I found this book incredibly difficult to read. I had to force myself to read 20 pages per day to read it in time for a book group. I had wondered if the translation was partly to blame, but some of our members read it in Arabic and had the same response.
The central character, Suhaila, is only known to us through her friends and her son. She is unconscious throughout the book and they are visiting with gifts and much conversation, with her (one way), and with each other. They also discuss her with her son, Nader, who has come over from Canada on hearing of his mother's illness. However, we never actually discover what is causing her ailments. The doctor says: "A surge in her blood pressure set off tremors in the veins that send the blood to the brain. There was a hemorrhage and it stopped....." P131.
Through all these interactions we learn of her early life in Iraq and subsequent exile to Paris. Her arranged marriage to an Iraqi soldier had been unhappy and abusive and she had left Iraq when he had disappeared.

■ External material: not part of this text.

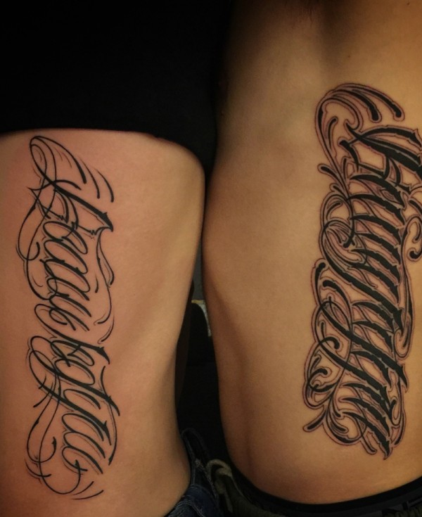 侧腰部的不一样花体英文情侣纹身图片
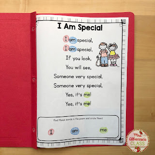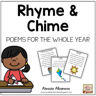 We review the weekly poem (see Monday) and have fun saying/chanting it in different voices. I place these cards in a tin can and have students choose one. They LOVE this!

Her son appears to have been distant both geographically and mentally and he has left his young wife and their son back in Canada.
The problem is, nothing happens. The whole book is a conversation between various characters, who, in turn describe other characters. What little I learned of life in Iraq was padded out with an excess of language that made every page a struggle.
The author is due to make an appearance at the Dubai Literary Festival in March this year, perhaps I will glean a little more of the book's meaning then. Meanwhile, I am dreading my next read, Naphtalene, also by Alia Mamdouh, and for another book group. It does get slightly better ratings, so fingers crossed.
I was really excited to read this book but unfortunately I have to agree that it is pretty boring. Not sure why I struggled but it took me a few weeks to read, and I am usually a fast reader. Very disappointing!
It just didn't make sense to me. Perhaps it would've gotten better if I stuck with it longer, or maybe I could've tried again on a different day...but I don't want to.